Exercise prompt: With the pictures left out, copy the records below exactly from the first line down to the line holding "- Type in ‘Lifeways’", and include that line.

Provided entries section start

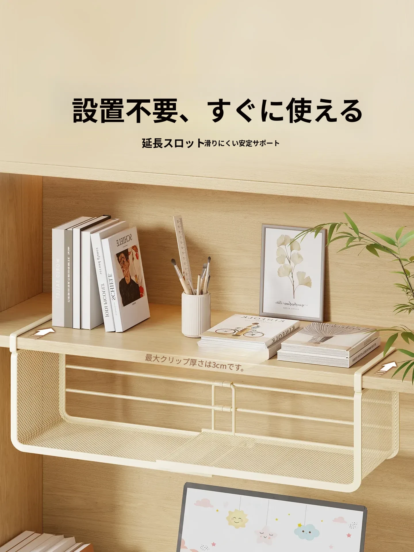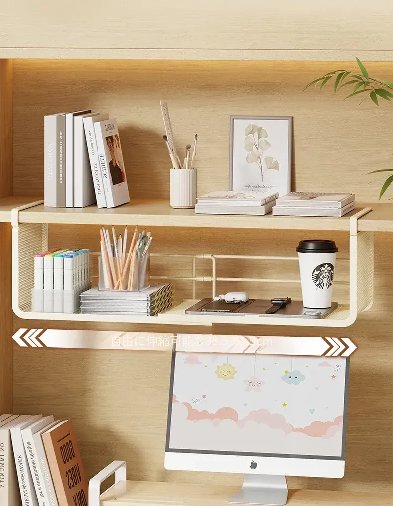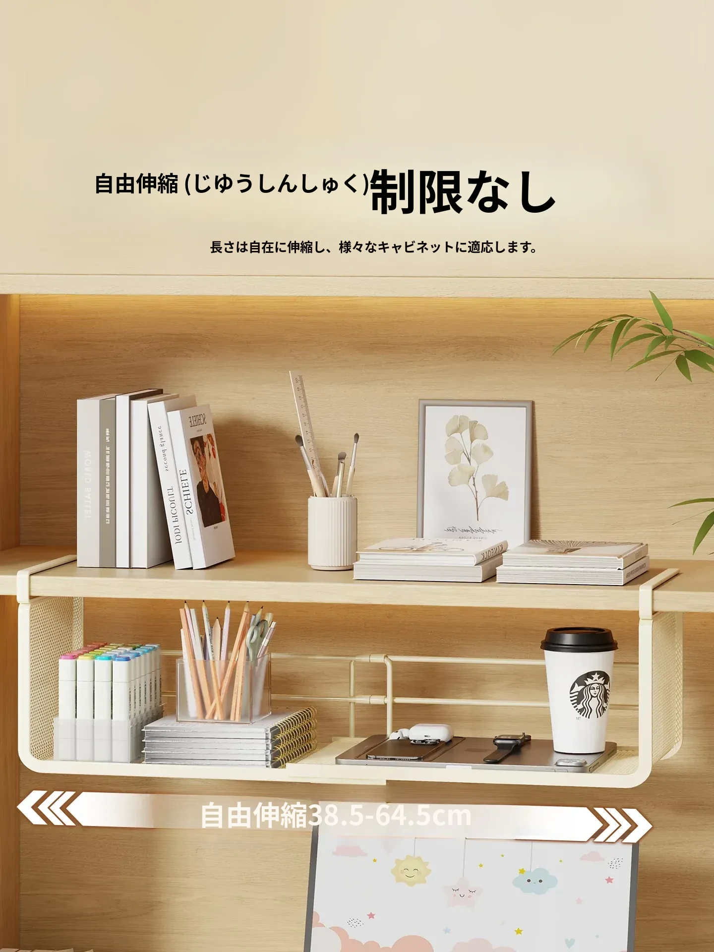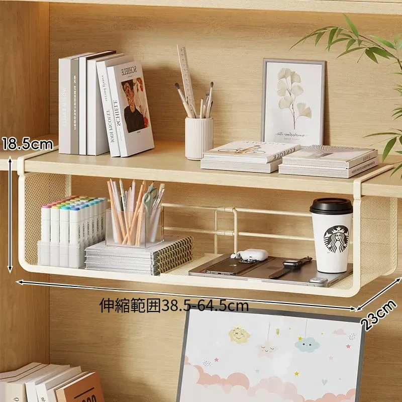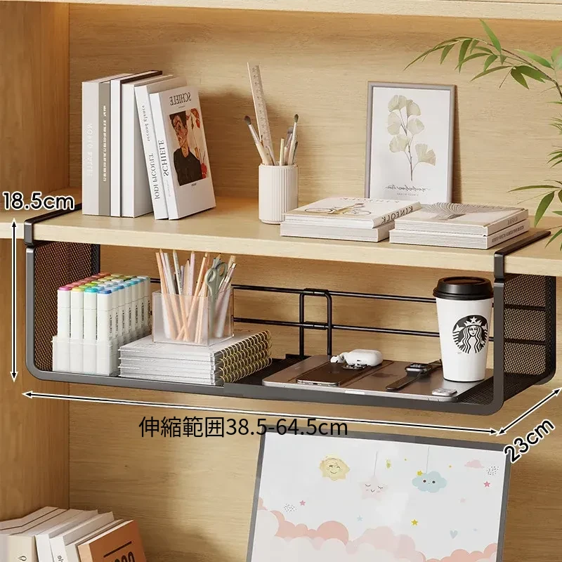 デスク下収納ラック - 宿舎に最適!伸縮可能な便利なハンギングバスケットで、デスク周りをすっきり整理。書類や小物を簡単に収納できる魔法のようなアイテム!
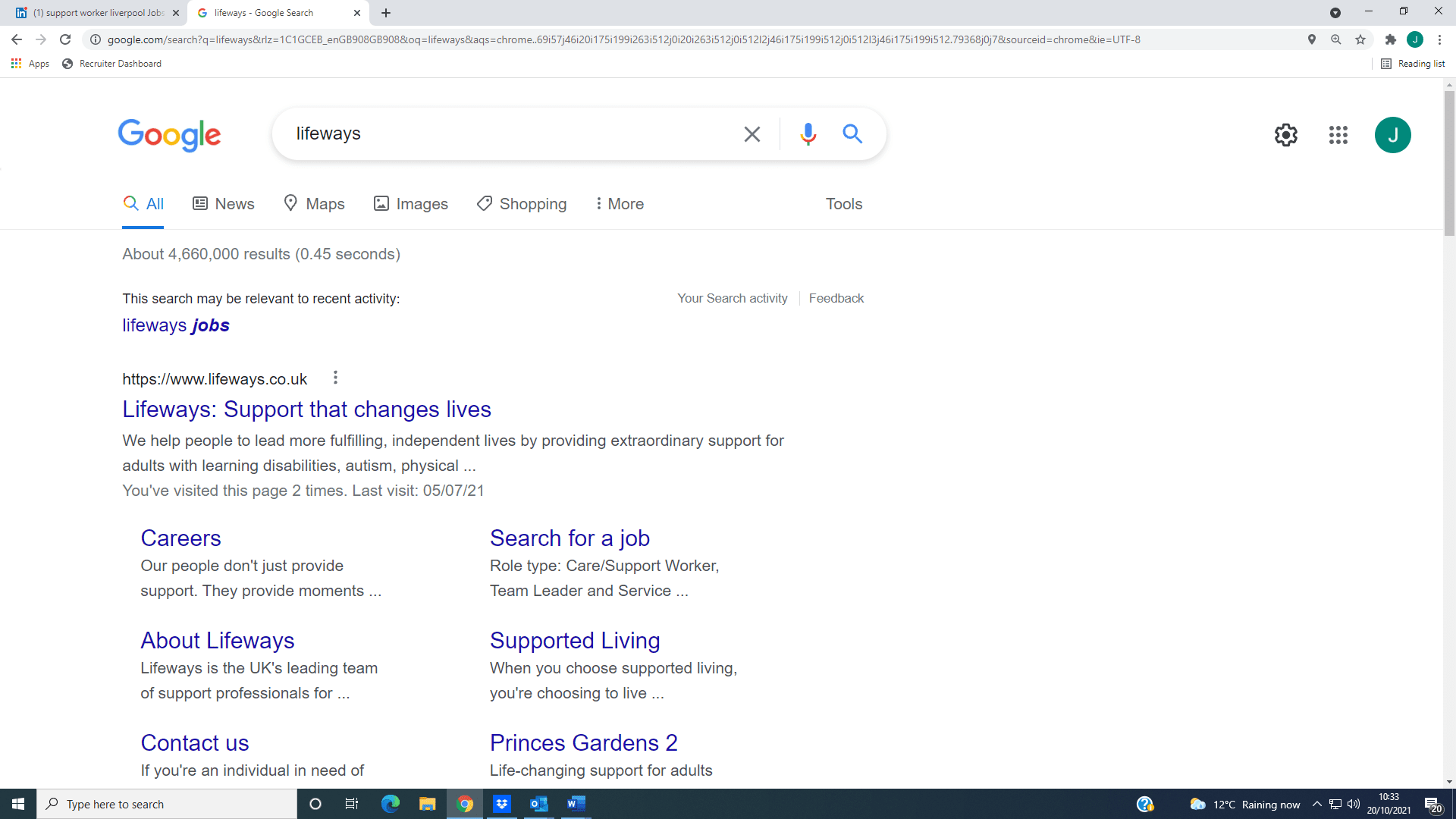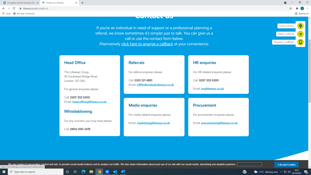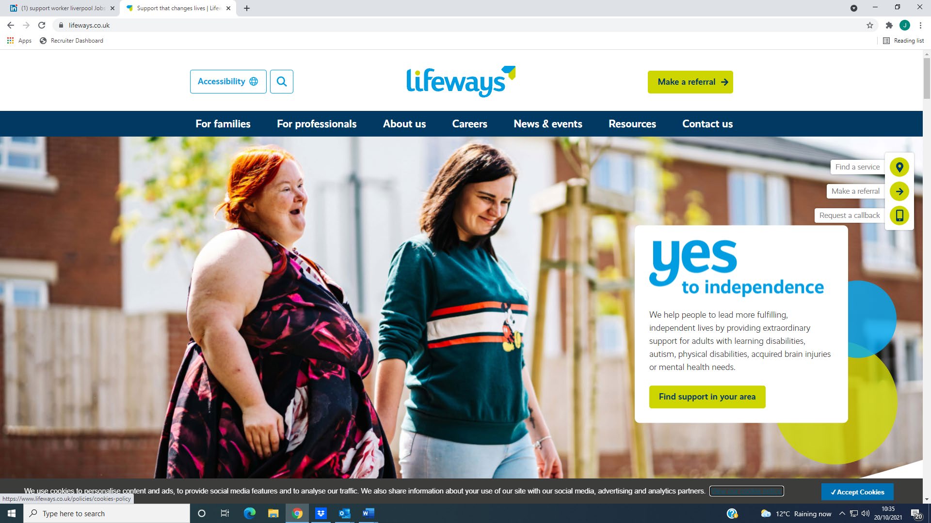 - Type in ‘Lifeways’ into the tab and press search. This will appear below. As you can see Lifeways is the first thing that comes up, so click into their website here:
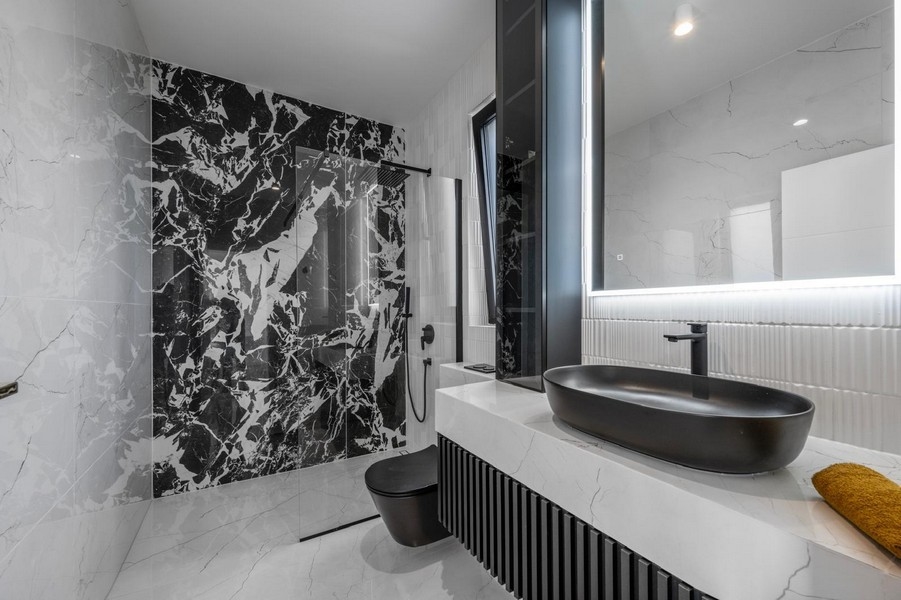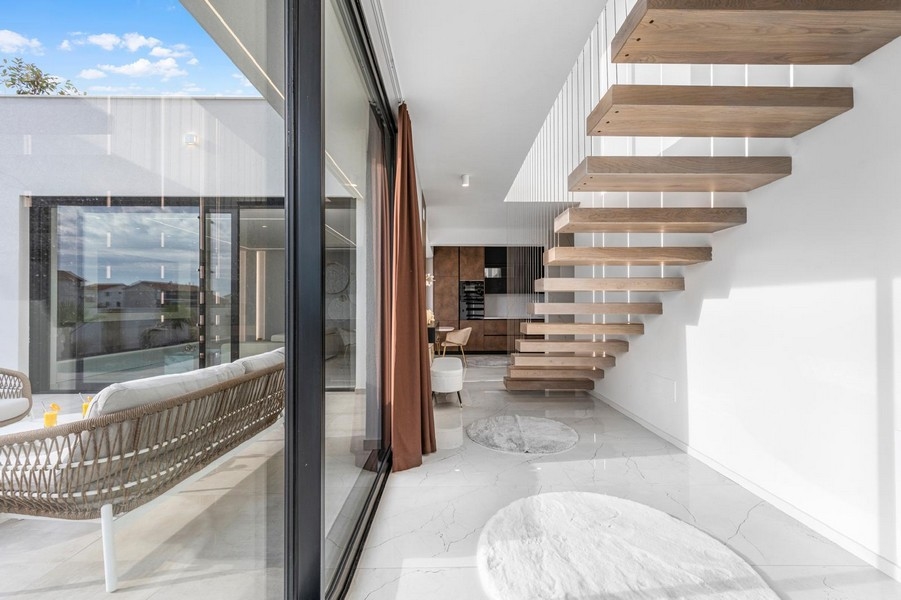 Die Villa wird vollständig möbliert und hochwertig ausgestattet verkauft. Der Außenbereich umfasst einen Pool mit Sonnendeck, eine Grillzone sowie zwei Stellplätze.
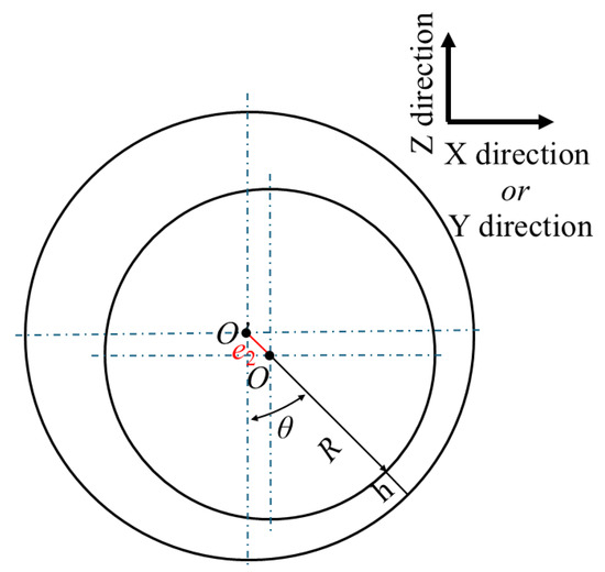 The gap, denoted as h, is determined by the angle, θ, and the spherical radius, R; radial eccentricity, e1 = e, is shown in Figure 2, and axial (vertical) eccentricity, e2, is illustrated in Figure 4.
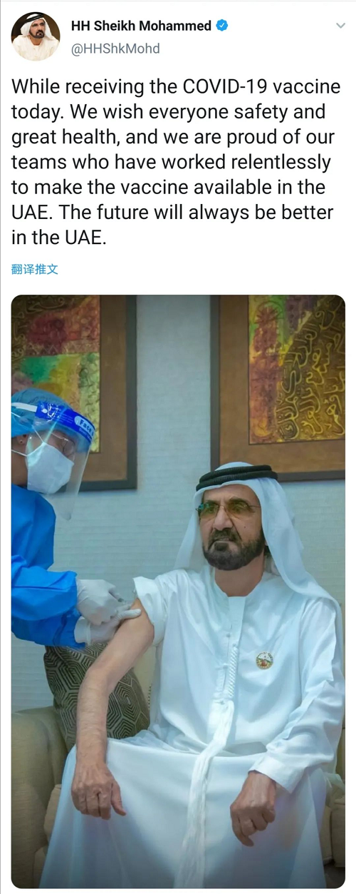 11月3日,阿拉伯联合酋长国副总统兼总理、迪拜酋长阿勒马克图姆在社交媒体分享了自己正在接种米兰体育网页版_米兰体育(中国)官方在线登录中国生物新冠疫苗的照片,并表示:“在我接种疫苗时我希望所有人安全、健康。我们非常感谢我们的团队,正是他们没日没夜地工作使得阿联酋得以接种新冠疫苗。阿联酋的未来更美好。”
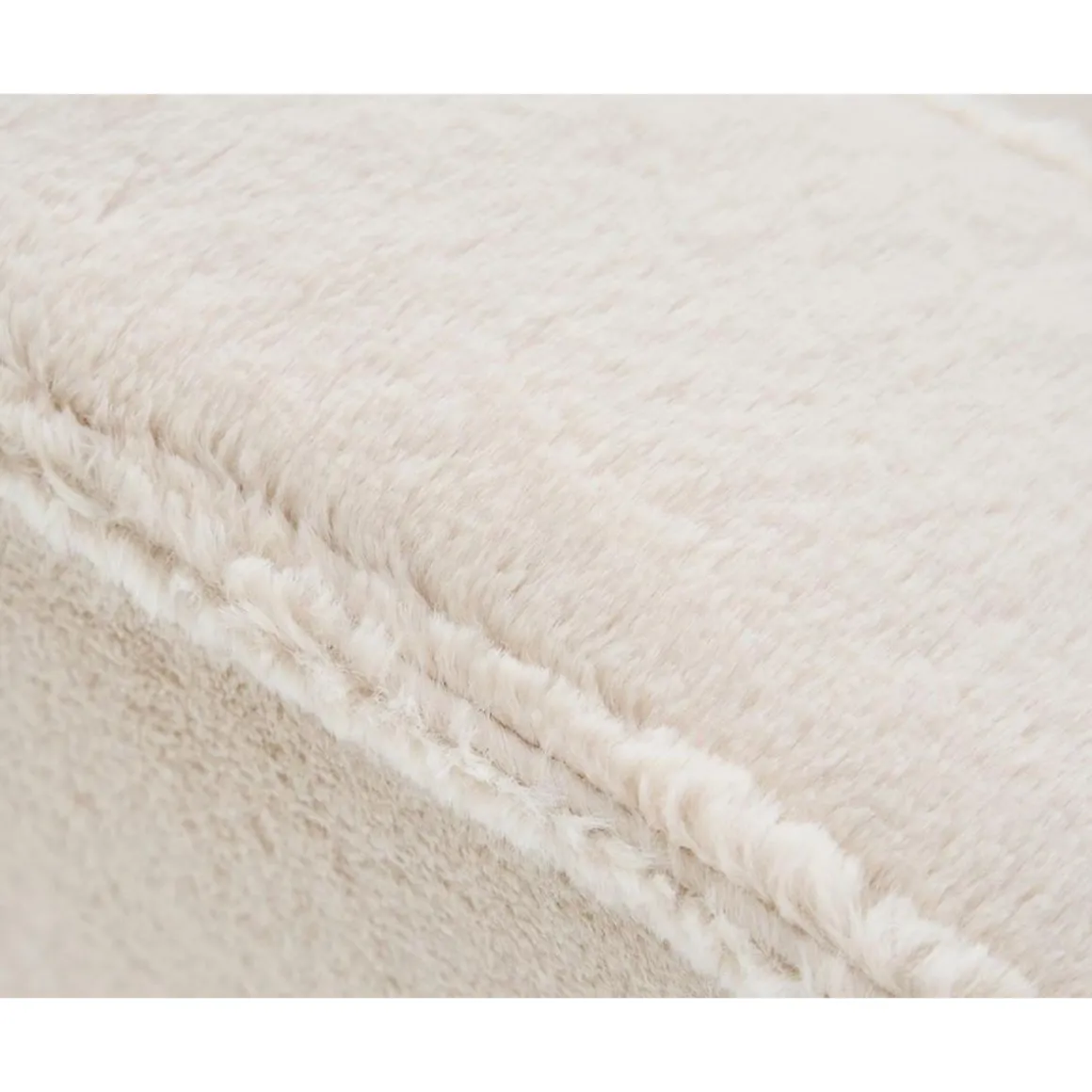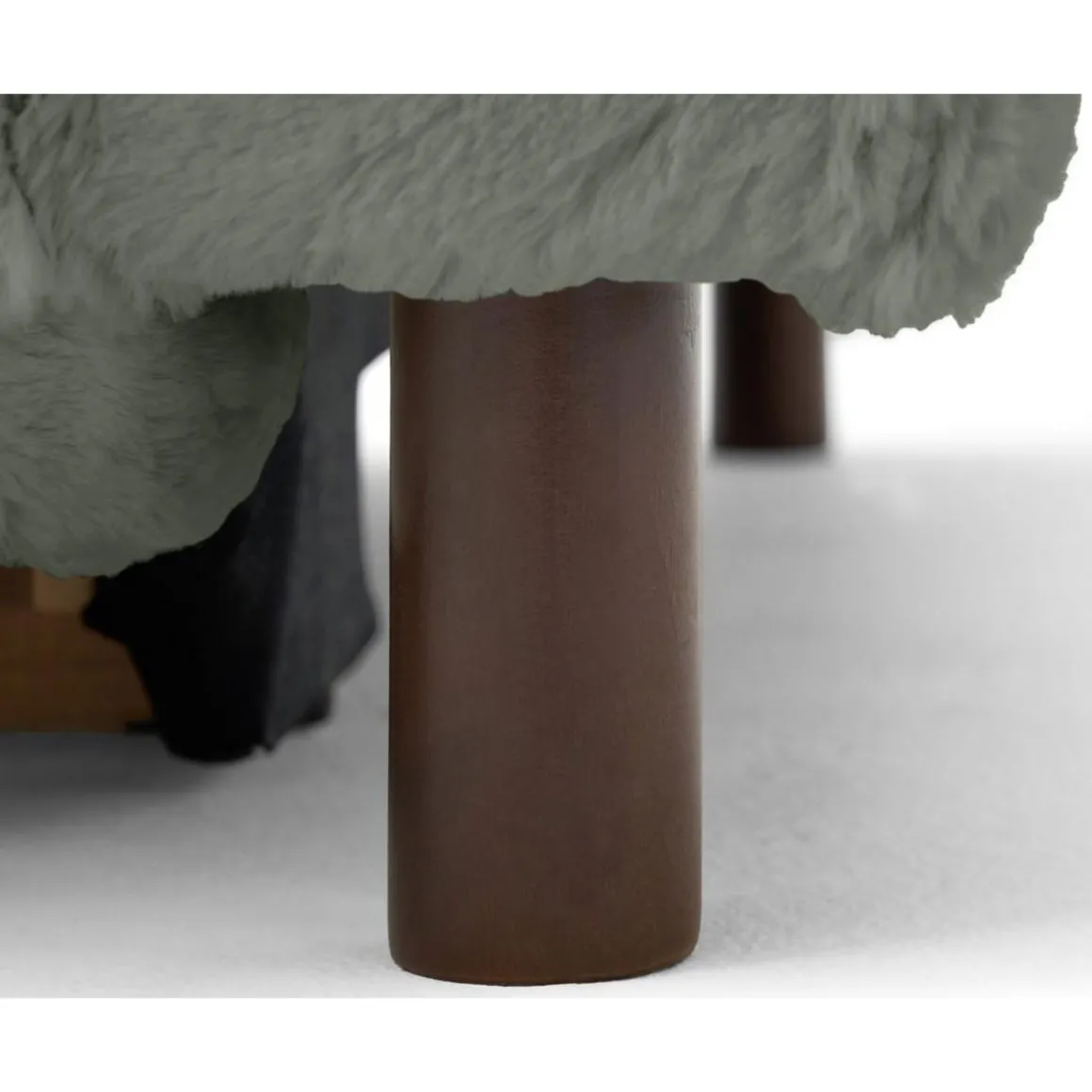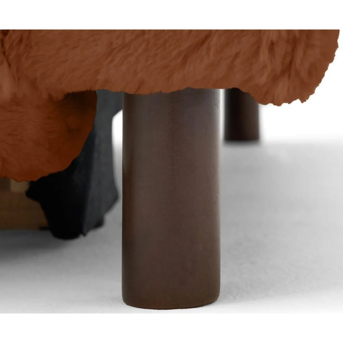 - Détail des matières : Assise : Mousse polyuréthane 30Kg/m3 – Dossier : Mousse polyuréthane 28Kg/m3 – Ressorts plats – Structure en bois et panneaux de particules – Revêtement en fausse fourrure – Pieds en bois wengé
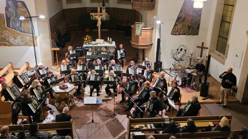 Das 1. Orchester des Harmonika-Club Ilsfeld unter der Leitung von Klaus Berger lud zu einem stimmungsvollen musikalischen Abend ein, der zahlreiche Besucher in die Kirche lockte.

Provided entries section end

Your response:
 デスク下収納ラック - 宿舎に最適!伸縮可能な便利なハンギングバスケットで、デスク周りをすっきり整理。書類や小物を簡単に収納できる魔法のようなアイテム!
 - Type in ‘Lifeways’ into the tab and press search. This will appear below. As you can see Lifeways is the first thing that comes up, so click into their website here:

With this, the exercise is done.